Dataset excerpt:
-- Opening Marker --
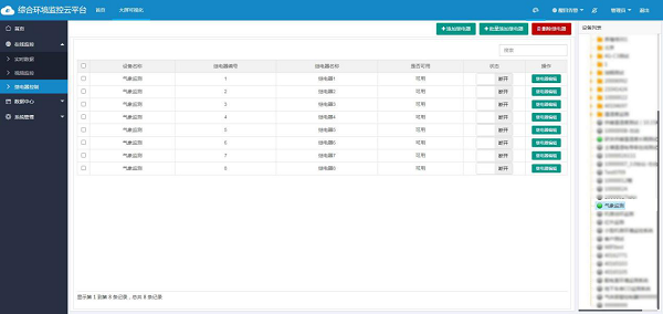支持電腦端、APP端遠程手動控制現場設備繼電器,且繼電器名稱可自定義編輯,相應繼電器控制功能是否啟用客戶可自行編輯。
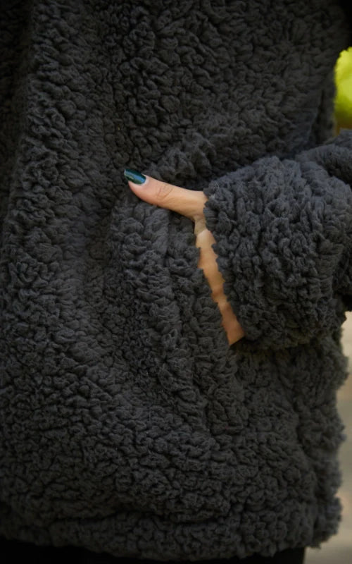 Dark Grey Sherpa Sweater with Deep Navy Lining
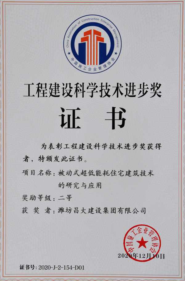 2020年12月11日,中國施工企業(yè)管理協(xié)會(huì)在北京召開“2020年工程建設(shè)科學(xué)技術(shù)獎(jiǎng)勵(lì)大會(huì)”,表彰了工程建設(shè)最高科學(xué)技術(shù)獎(jiǎng)1項(xiàng),工程建設(shè)技術(shù)發(fā)明獎(jiǎng)10項(xiàng),工程建設(shè)科學(xué)技術(shù)進(jìn)步獎(jiǎng)343項(xiàng)。其中,集團(tuán)二建公司工程公司《被動(dòng)式超低能耗建筑住宅技術(shù)的研究與應(yīng)用》,經(jīng)過形式審查、專家網(wǎng)絡(luò)評審、專家委員會(huì)會(huì)議評審、科學(xué)技術(shù)委員會(huì)審定四個(gè)階段(本年度評審?fù)ㄟ^率只有40%),最終榮獲工程建設(shè)科學(xué)技術(shù)進(jìn)步獎(jiǎng)二等獎(jiǎng)。![]() |
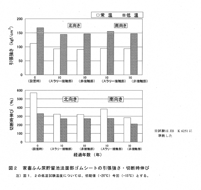 - 敷設から10年経過した家畜ふん尿貯留池法面部(北・南向き)の貯留面上・下部より採取したゴムシート(厚さ1mm)は、初期値に比べ、引張強さが10〜20%減少し、伸びが40%減少している。引張強さは、初期値に比べ10〜20%程度減少している。
-- Closing Marker --
Task statement:
Only the lines from the one with "Dark Grey Sherpa" through the end of the data, both ends included, should be written out exactly, and no pictures should appear.

Solution for this problem:
 Dark Grey Sherpa Sweater with Deep Navy Lining
 2020年12月11日,中國施工企業(yè)管理協(xié)會(huì)在北京召開“2020年工程建設(shè)科學(xué)技術(shù)獎(jiǎng)勵(lì)大會(huì)”,表彰了工程建設(shè)最高科學(xué)技術(shù)獎(jiǎng)1項(xiàng),工程建設(shè)技術(shù)發(fā)明獎(jiǎng)10項(xiàng),工程建設(shè)科學(xué)技術(shù)進(jìn)步獎(jiǎng)343項(xiàng)。其中,集團(tuán)二建公司工程公司《被動(dòng)式超低能耗建筑住宅技術(shù)的研究與應(yīng)用》,經(jīng)過形式審查、專家網(wǎng)絡(luò)評審、專家委員會(huì)會(huì)議評審、科學(xué)技術(shù)委員會(huì)審定四個(gè)階段(本年度評審?fù)ㄟ^率只有40%),最終榮獲工程建設(shè)科學(xué)技術(shù)進(jìn)步獎(jiǎng)二等獎(jiǎng)。![]() |
 - 敷設から10年経過した家畜ふん尿貯留池法面部(北・南向き)の貯留面上・下部より採取したゴムシート(厚さ1mm)は、初期値に比べ、引張強さが10〜20%減少し、伸びが40%減少している。引張強さは、初期値に比べ10〜20%程度減少している。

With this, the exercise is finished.